GIVEN ENTRIES:
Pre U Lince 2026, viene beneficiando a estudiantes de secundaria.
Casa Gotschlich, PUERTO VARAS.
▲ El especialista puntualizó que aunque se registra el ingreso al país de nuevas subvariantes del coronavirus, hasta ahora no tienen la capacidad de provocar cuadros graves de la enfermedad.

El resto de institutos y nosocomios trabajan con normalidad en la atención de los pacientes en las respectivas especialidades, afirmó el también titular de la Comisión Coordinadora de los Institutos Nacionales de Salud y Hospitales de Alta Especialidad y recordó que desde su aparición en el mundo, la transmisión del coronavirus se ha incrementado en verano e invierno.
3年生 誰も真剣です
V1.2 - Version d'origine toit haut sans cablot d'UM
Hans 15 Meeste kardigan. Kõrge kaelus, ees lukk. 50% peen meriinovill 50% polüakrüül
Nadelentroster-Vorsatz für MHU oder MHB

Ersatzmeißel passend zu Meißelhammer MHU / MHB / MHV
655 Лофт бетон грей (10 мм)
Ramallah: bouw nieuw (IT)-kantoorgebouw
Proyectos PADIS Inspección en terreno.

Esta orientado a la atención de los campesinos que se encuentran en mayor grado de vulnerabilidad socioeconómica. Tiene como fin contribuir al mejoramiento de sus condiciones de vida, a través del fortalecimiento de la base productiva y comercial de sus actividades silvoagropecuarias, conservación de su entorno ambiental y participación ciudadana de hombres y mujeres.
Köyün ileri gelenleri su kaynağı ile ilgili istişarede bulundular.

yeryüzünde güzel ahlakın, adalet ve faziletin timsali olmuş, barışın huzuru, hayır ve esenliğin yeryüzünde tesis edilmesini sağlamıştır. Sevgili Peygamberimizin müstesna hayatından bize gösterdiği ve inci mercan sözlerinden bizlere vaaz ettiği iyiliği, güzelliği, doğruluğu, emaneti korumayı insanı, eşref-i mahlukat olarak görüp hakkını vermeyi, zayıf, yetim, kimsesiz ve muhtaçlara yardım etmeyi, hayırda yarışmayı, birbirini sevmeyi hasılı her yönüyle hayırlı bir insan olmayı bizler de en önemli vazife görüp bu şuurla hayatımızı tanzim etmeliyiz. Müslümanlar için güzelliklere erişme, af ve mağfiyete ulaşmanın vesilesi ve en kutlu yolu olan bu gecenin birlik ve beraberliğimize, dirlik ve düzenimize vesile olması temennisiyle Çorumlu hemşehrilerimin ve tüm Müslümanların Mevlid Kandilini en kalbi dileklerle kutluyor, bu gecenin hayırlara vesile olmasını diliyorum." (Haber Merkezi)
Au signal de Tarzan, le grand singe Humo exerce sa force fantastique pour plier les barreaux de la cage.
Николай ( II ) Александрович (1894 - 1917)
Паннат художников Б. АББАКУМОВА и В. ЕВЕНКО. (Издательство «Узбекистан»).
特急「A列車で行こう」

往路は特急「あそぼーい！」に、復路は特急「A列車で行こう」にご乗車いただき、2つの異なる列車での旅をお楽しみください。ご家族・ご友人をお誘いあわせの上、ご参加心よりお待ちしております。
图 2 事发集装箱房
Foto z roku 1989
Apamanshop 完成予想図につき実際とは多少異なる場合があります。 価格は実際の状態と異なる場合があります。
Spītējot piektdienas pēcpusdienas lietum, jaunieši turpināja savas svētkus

EXERCISE DIRECTIONS:
Your task is to return each line of the data above that contains the string "coronavirus".

FINISHED TASK:
▲ El especialista puntualizó que aunque se registra el ingreso al país de nuevas subvariantes del coronavirus, hasta ahora no tienen la capacidad de provocar cuadros graves de la enfermedad.
El resto de institutos y nosocomios trabajan con normalidad en la atención de los pacientes en las respectivas especialidades, afirmó el también titular de la Comisión Coordinadora de los Institutos Nacionales de Salud y Hospitales de Alta Especialidad y recordó que desde su aparición en el mundo, la transmisión del coronavirus se ha incrementado en verano e invierno.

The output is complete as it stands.